Let's take a look at what we're working with, shall we? We bought the house from a guy named Paul – a ruddy older dude from the East Coast, former ski patroller, the kind of guy who'd ride a bike up the Alpe d'Huez [1] on his 70th birthday – who had spent the past 20 years slowly overhauling this house. He's also a genius of reuse, with a magpie's eye for found materials: a demigod of DIY [2].

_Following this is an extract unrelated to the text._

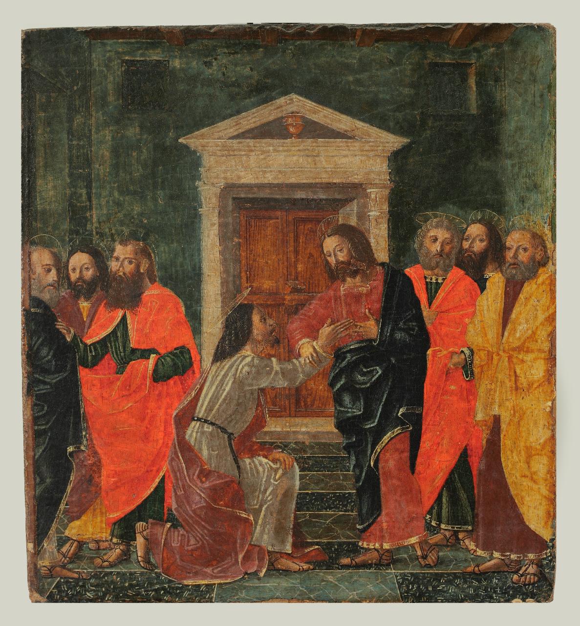 - NOTIZIE STORICO CRITICHE La tavoletta con l'Incredulità di San Tommaso faceva parte con tutta probabilità di una serie dedicata alle scene della Passione di Cristo, insieme ad esempio al Compianto sul Cristo morto o la Resurrezione di Cristo della collezione Crespi. La paternità a Butinone non è documentata ma è ormai accettata per ragioni stilistiche, come la rigidità e il grafismo duro dei panneggi e delle figure. La datazione oscilla tra il 1475 e il 1480, periodo in cui il pittore risente fortemente della lezione padovano-mantegnesca e appena prima di una maturità lombarda costituita dal Polittico di Treviglio.

He found some hand-hewn doors in Mexico, hauled them home and built a front gate around them...

 

...Pulled one of those bubble-like skylights from a defunct office park and added on a sunroom (which leaks like crazy, by the way; puddles and puddles – sometimes it's more of a rain-room than a sunroom).

 

A reclaimed railroad-tie beam in the living room looked too new for Paul, so he rubbed black shoe polish on it and set it on fire: the pyro approach to interior design.


 

When Paul moved out, we inherited his assortment of antique fence posts and massive timbers and hundred-year-old bricks, all picked up by Paul in Mexico or Montana, all to be used in some future dreamscape he'd never get around to building. All around the property are the unfinished legacies of Paul. Ornate Mexican tiles left uncaulked, half a kitchen unrenovated – everything always an ongoing project. He built six sheds around the property to house all these odds and ends while they awaited their architectural destiny. One of them has hundred-year-old Mexican doors with a hand-forged iron latch on it; it used to hold his camping gear. (I keep a please-repair-me motorcycle engine in it.)

 

The practical result of Paul's mania is that when something breaks or needs to be replaced, we can't just pick up a new one off the shelf at GiantMart; we have to track down the Bangledeshi craftsman who fabricated the original, only to be told the craftsman's dead or the goat whose horn he harvested to make the drawer pull we're seeking has since gone extinct. Another downside is that nothing is standard – no nut, no bolt, no pipe, no flange – meaning that GiantMart is largely useless, but the elderly dudes down at the local plumbing supply [3] will have what we need. But another, more ethereal result is that we've become more aware of the value of the unique or original: We don't want a new one off the shelf. We want to build around those fence posts and bricks; we want to make work what we've got.

 

Paul was, for the most part, retired, and had more than enough time to dawdle over which oak plank reclaimed from an upcountry ranch to put where. We've got jobs, and a bit of book-learnin', but maybe not quite the eye or innate skill that Paul has. Join us in crossing our fingers, won't you?